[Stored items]
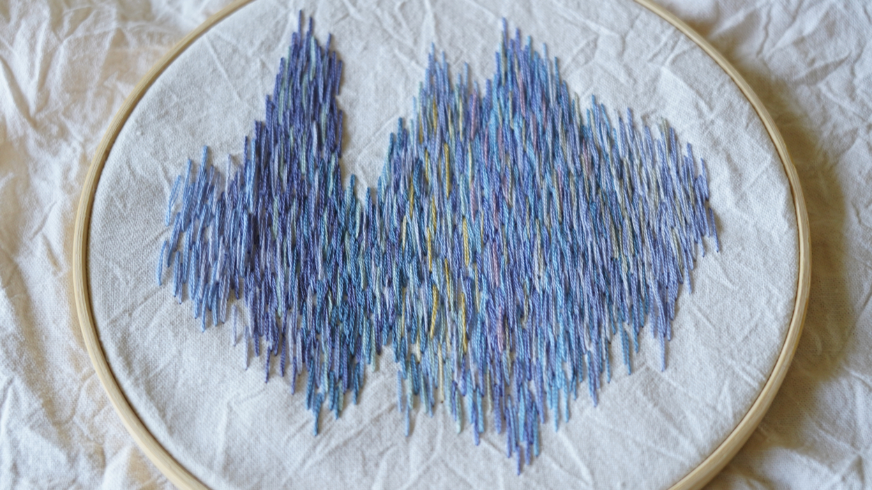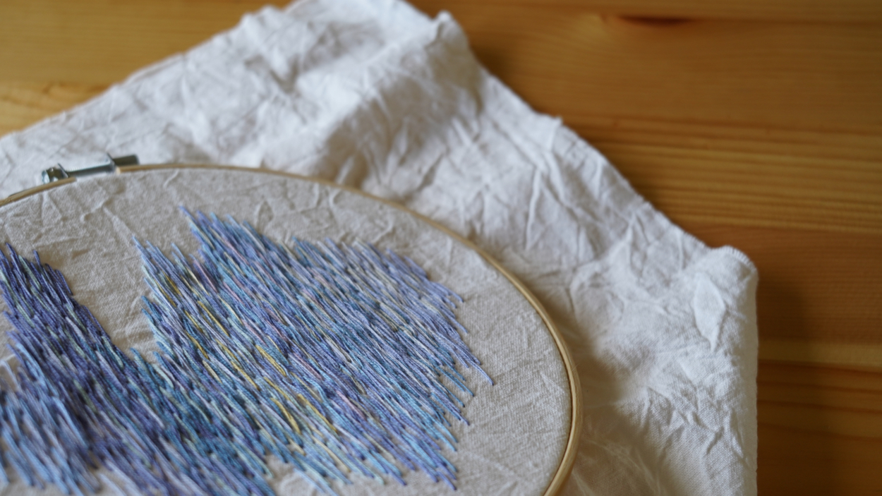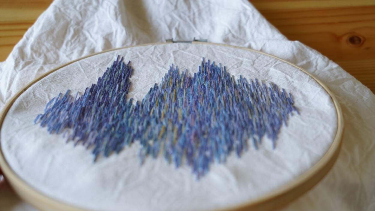 刺繍で波打ち際を表現しました。
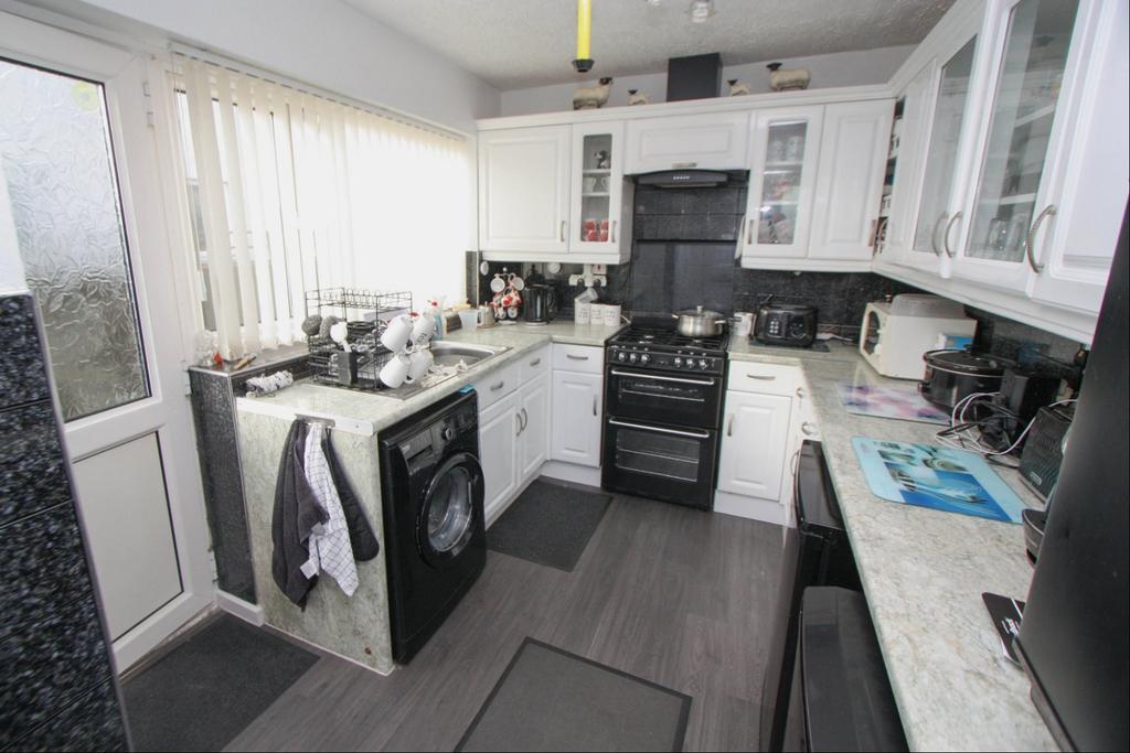 Accessed by the front and side door offering four ring gas cooker with extractor over, sink and drainer, with space for a fridge, freezer and washing machine. With partly tiled walls, storage cupboard for utility space, window, power points and radiator.
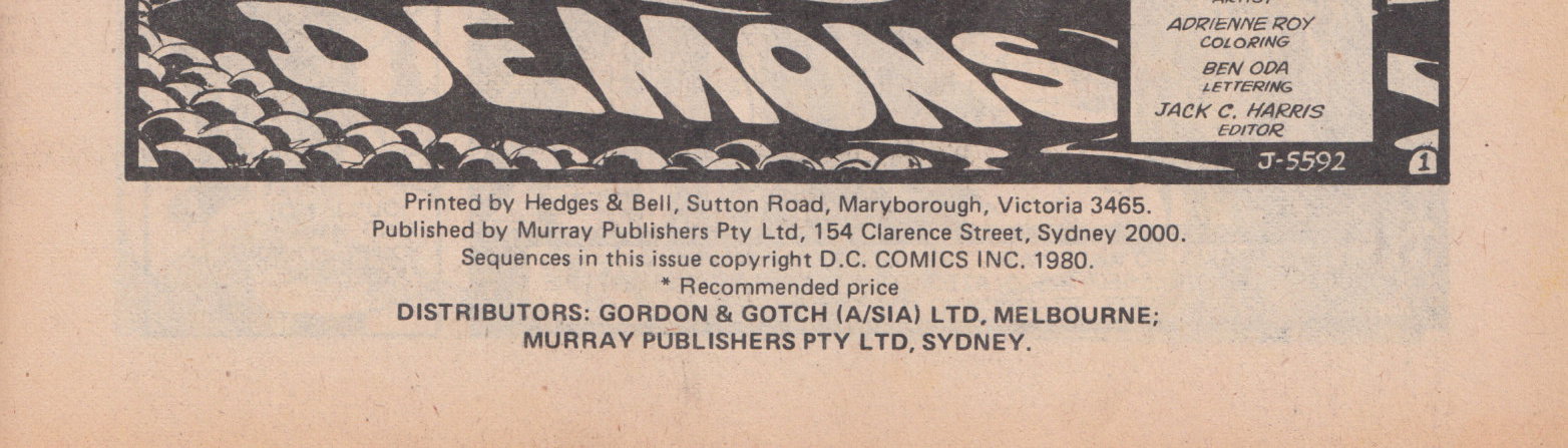 Printed by Hedges & Bell, Sutton Road, Maryborough, Victoria 3465. Published by Murray Publishers Pty Ltd, 154 Clarence Street, Sydney 2000. Sequences in this issue copyright D.C. Comics Inc. 1980. Distributors: Gordon & Gotch (A/sia) Ltd, Melbourne; Murray Publishers Pty Ltd, Sydney.
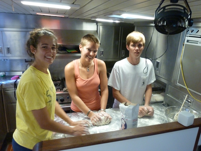 Today marks the first complete turn of the job wheel. It is a significant moment for the crew, as it signifies that each and every one of us has completed all 26 jobs onboard, from cooking all three meals in a day to launching the dinghies to cleaning the heads. Without all those hands, there is no way Argo would look as beautiful as she does, let alone travel to exotic destinations around the globe. Today, the destination at hand was the small, quiet bay of Andrixtol. Situated on the southwest corner of Mallorca, the crystal clear waters of the bay are surrounded by stunning rocky cliffs that turn a brilliant orange during sunrise and sunset. It was a busy day for the crew, particularly the chefs, who began making dinner preparations during breakfast prep with the rolling out of freshly made pizza dough. The focal point of the day was diving. The Open Water divers submerged for their second to last training dive while the Rescue divers kicked off their training. Then, to top it off, the Advanced Open Water divers, in a few minutes, will be enjoying their first-night dive of the trip under an almost full moon.
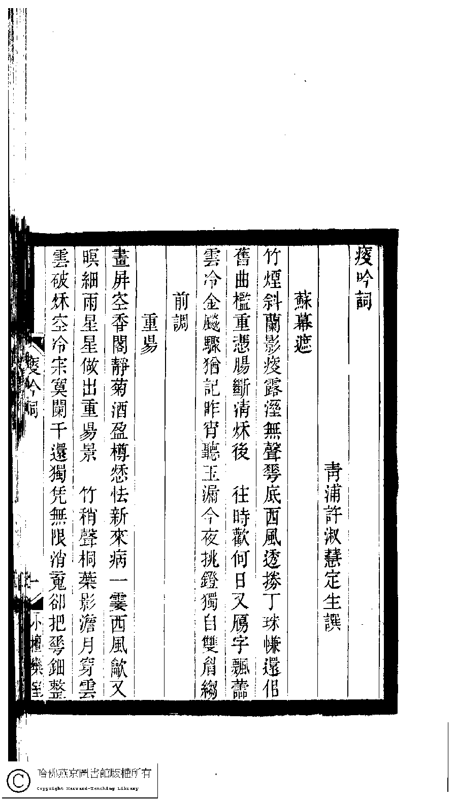 | (PRINT FRIENDLY VERSION) 小檀欒室彙刻閨秀詞﹕十集一百種一百卷(清徐乃昌輯) : 瘦吟詞﹕一卷。清光緒二十二年(1896)南陵徐氏刻本。 ![]() Page : 瘦吟詞.1a | click for larger image | Back |
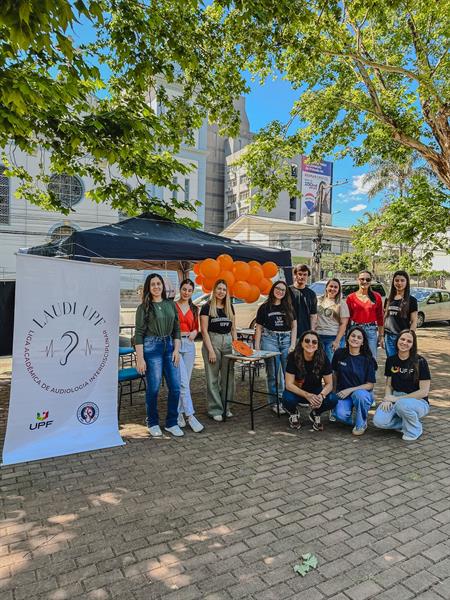 Acadêmicos do curso de Fonoaudiologia da Universidade de Passo Fundo (UPF), do 4º ao 8º nível, juntamente com integrantes da Liga Acadêmica de Audiologia Interdisciplinar (LAUDI), realizaram uma ação especial em alusão ao Novembro Laranja, mês dedicado à conscientização, prevenção e informação sobre o zumbido.
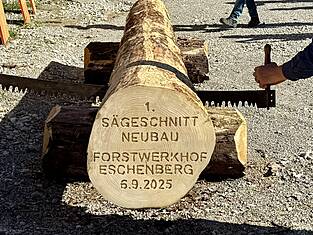 Baustart für den neuen Forstwerkhof Eschenberg: Nach intensiver Planung und Projektierung mit der Holzbaustatik von Timbatec soll der Werkhof Ende 2026 dem Forstbetrieb übergeben werden – eingeleitet durch den symbolischen Sägeschnitt der Stadträte.
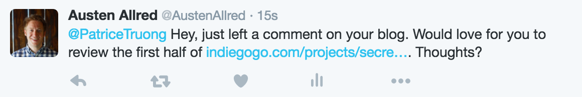 Observe como eu o segui no Twitter para que seja obviamente pessoal e não um comentário automático de spam. Eu até exagerei um pouco e twitei para ele apenas por diversão.

• _TO DO_:
Leave every picture out. Retype the remaining data exactly.

• _EXERCISE ANSWER_:
 刺繍で波打ち際を表現しました。
 Accessed by the front and side door offering four ring gas cooker with extractor over, sink and drainer, with space for a fridge, freezer and washing machine. With partly tiled walls, storage cupboard for utility space, window, power points and radiator.
 Printed by Hedges & Bell, Sutton Road, Maryborough, Victoria 3465. Published by Murray Publishers Pty Ltd, 154 Clarence Street, Sydney 2000. Sequences in this issue copyright D.C. Comics Inc. 1980. Distributors: Gordon & Gotch (A/sia) Ltd, Melbourne; Murray Publishers Pty Ltd, Sydney.
 Today marks the first complete turn of the job wheel. It is a significant moment for the crew, as it signifies that each and every one of us has completed all 26 jobs onboard, from cooking all three meals in a day to launching the dinghies to cleaning the heads. Without all those hands, there is no way Argo would look as beautiful as she does, let alone travel to exotic destinations around the globe. Today, the destination at hand was the small, quiet bay of Andrixtol. Situated on the southwest corner of Mallorca, the crystal clear waters of the bay are surrounded by stunning rocky cliffs that turn a brilliant orange during sunrise and sunset. It was a busy day for the crew, particularly the chefs, who began making dinner preparations during breakfast prep with the rolling out of freshly made pizza dough. The focal point of the day was diving. The Open Water divers submerged for their second to last training dive while the Rescue divers kicked off their training. Then, to top it off, the Advanced Open Water divers, in a few minutes, will be enjoying their first-night dive of the trip under an almost full moon.
 | (PRINT FRIENDLY VERSION) 小檀欒室彙刻閨秀詞﹕十集一百種一百卷(清徐乃昌輯) : 瘦吟詞﹕一卷。清光緒二十二年(1896)南陵徐氏刻本。 ![]() Page : 瘦吟詞.1a | click for larger image | Back |
 Acadêmicos do curso de Fonoaudiologia da Universidade de Passo Fundo (UPF), do 4º ao 8º nível, juntamente com integrantes da Liga Acadêmica de Audiologia Interdisciplinar (LAUDI), realizaram uma ação especial em alusão ao Novembro Laranja, mês dedicado à conscientização, prevenção e informação sobre o zumbido.
 Baustart für den neuen Forstwerkhof Eschenberg: Nach intensiver Planung und Projektierung mit der Holzbaustatik von Timbatec soll der Werkhof Ende 2026 dem Forstbetrieb übergeben werden – eingeleitet durch den symbolischen Sägeschnitt der Stadträte.
 Observe como eu o segui no Twitter para que seja obviamente pessoal e não um comentário automático de spam. Eu até exagerei um pouco e twitei para ele apenas por diversão.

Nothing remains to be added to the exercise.